--- Data extract ---

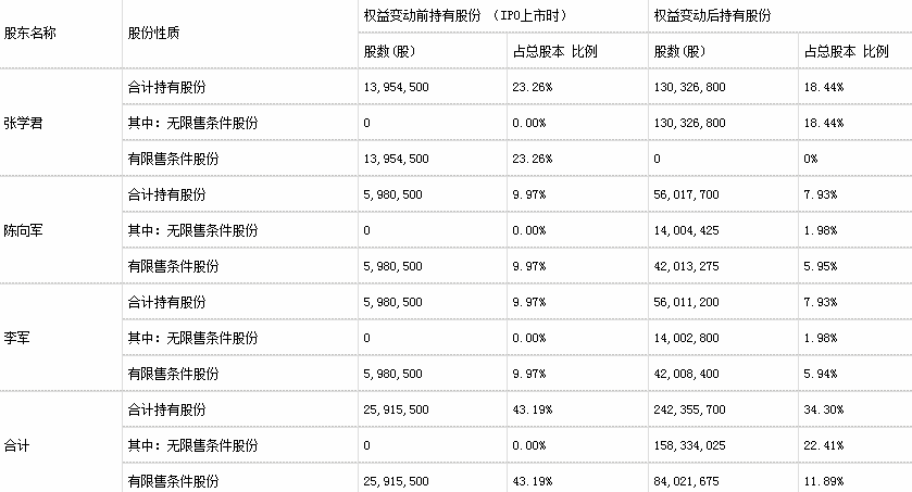 权益变动前(2010年5月26日,IPO上市时),控股股东、实际控制人张学君、陈向军、李军合计持有公司股份2591.55万股,持股比例为43.19%;权益变动后,控股股东、实际控制人张学君、陈向军、李军合计持有公司股份2.42亿股,持股比例为34.30%。
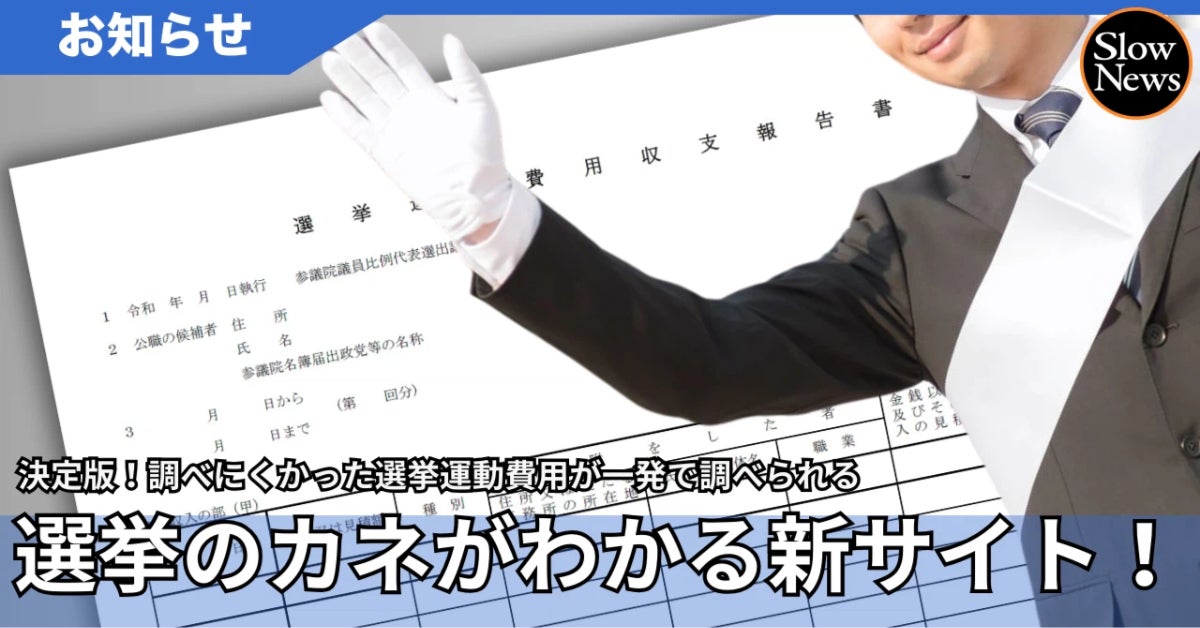 スローニュース、選挙運動費用を検索・閲覧できるサイトを公開 前回衆院選(2021年10月)の「選挙運動費用収支報告書」を全件集約
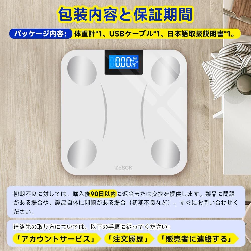 【安心のサポート体制&パッケージ内容】セット内容:体組成計本体×1、USB充電ケーブル×1、日本語取扱説明書×1。ご購入後90日以内の初期不良には、返金または交換にて対応いたします。万が一製品不具合がございましたら、の「アカウントサービス」→「注文履歴」→「販売元に連絡する」より、お気軽にお問い合わせください。
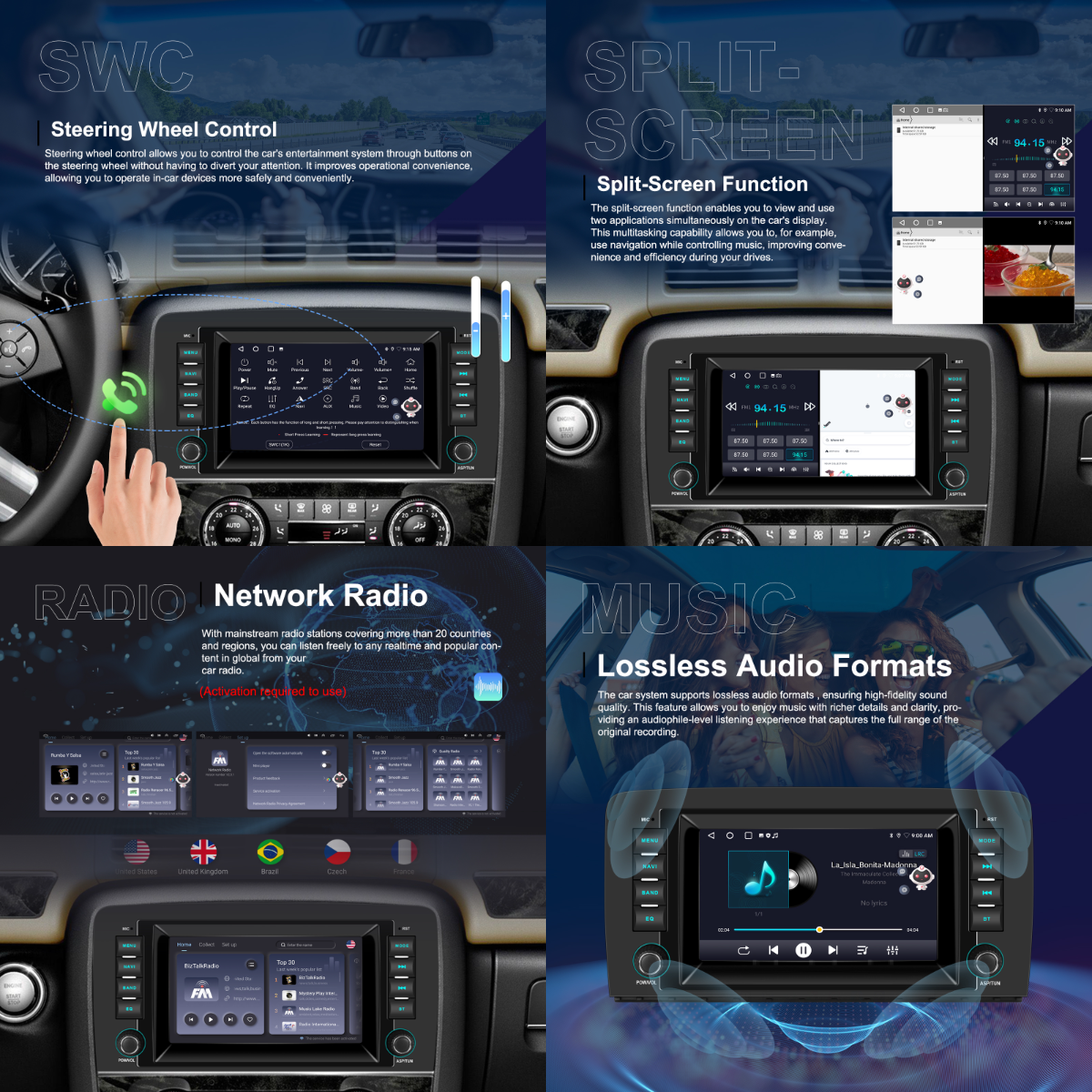 - FM/RDS Radio: Clear reception for music, news, traffic updates
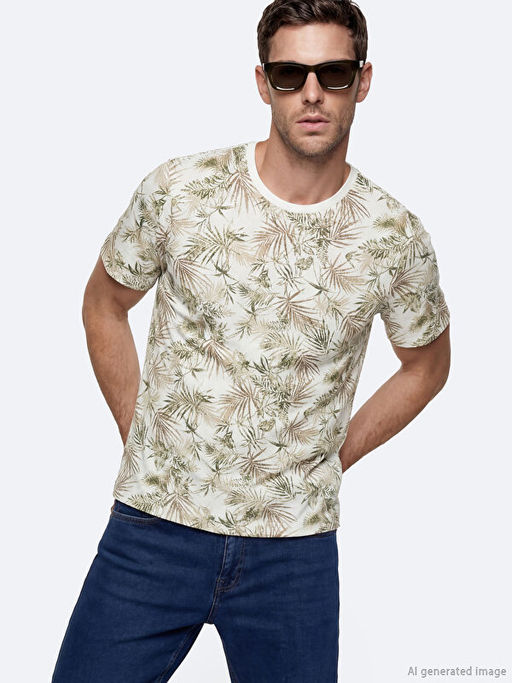 • Bisiklet Yaka Desenli Penye Erkek Ti??rt
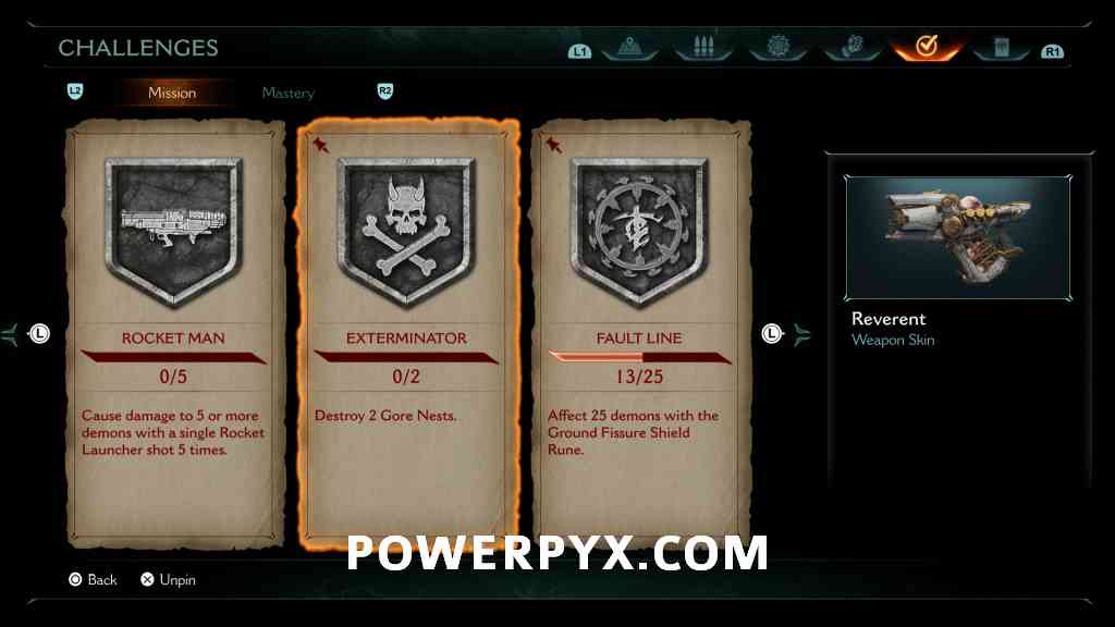 Mission Challenge #2 – Exterminator: Destroy 2 Gore Nests (Reverent – Pulverizer skin reward)

---

Omit the pictures, and please restate word for word the lines running from the line with "Penye Erkek Ti??rt" to the end of the entries.

- Output
 • Bisiklet Yaka Desenli Penye Erkek Ti??rt
 Mission Challenge #2 – Exterminator: Destroy 2 Gore Nests (Reverent – Pulverizer skin reward)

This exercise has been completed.